#### Aim of the task:
The answer is the data repeated in full, with no pictures included.

#### Dataset extract:
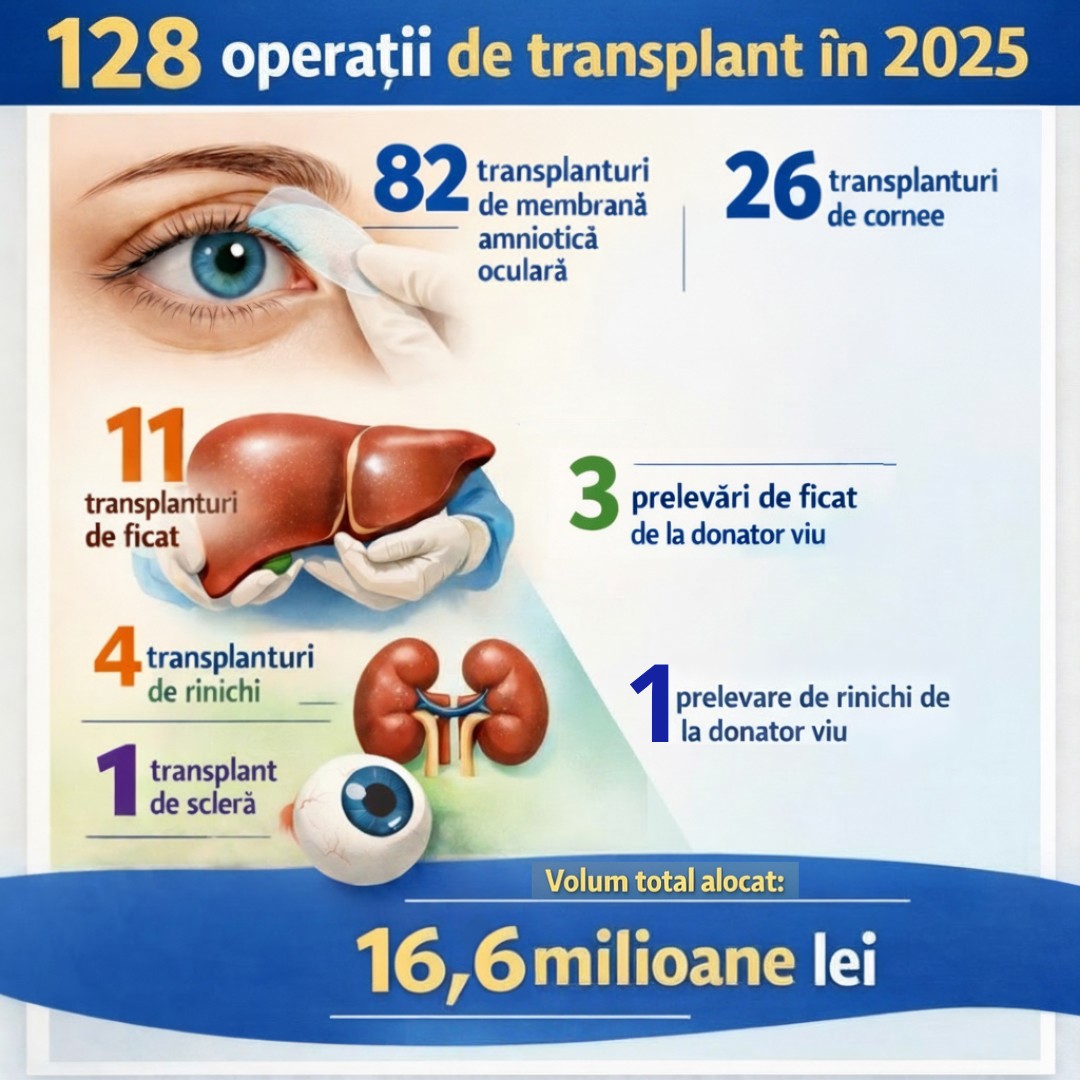 Potrivit instituției, dintre intervențiile efectuate, 11 au fost transplanturi de ficat, patru de rinichi și 26 de cornee. Totodată, medicii au realizat 82 de transplanturi de membrană amniotică pe suprafața oculară, un transplant de scleră, trei prelevări de ficat de la donatori vii și o prelevare de rinichi de la donator viu.
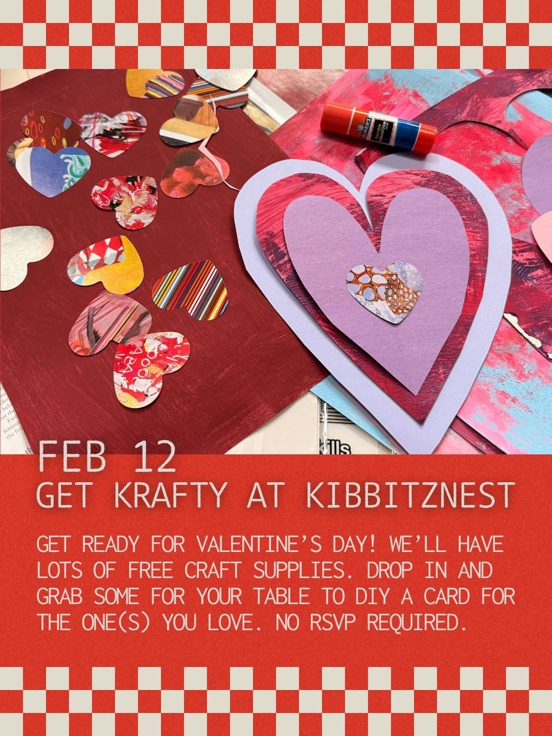 Get Ready for Valentine’s Day! We’ll have lots of free craft supplies. Drop in and grab some for your table to DIY a card for the one(s) you love. No RSVP required!
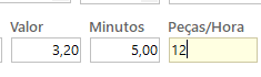 – Peças/Hora: quantidade de peças que podem ser produzidas em uma hora nessa operação.
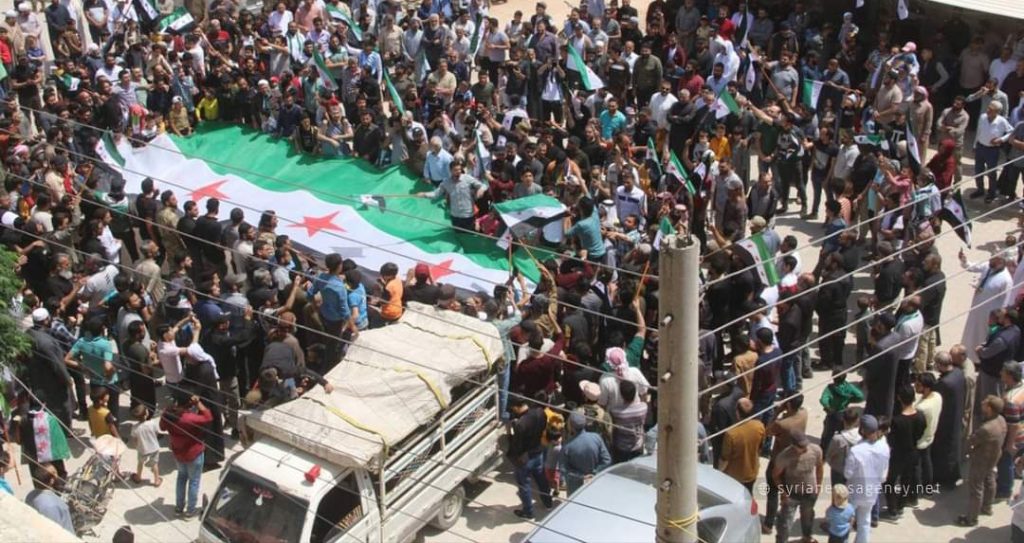 مظاهرات تجتاح الشمال السوري المحرر رفضا لإعادة المجرم بشار الأسد إلى الجامعة العربية.

#### Your solution:
 Potrivit instituției, dintre intervențiile efectuate, 11 au fost transplanturi de ficat, patru de rinichi și 26 de cornee. Totodată, medicii au realizat 82 de transplanturi de membrană amniotică pe suprafața oculară, un transplant de scleră, trei prelevări de ficat de la donatori vii și o prelevare de rinichi de la donator viu.
 Get Ready for Valentine’s Day! We’ll have lots of free craft supplies. Drop in and grab some for your table to DIY a card for the one(s) you love. No RSVP required!
 – Peças/Hora: quantidade de peças que podem ser produzidas em uma hora nessa operação.
 مظاهرات تجتاح الشمال السوري المحرر رفضا لإعادة المجرم بشار الأسد إلى الجامعة العربية.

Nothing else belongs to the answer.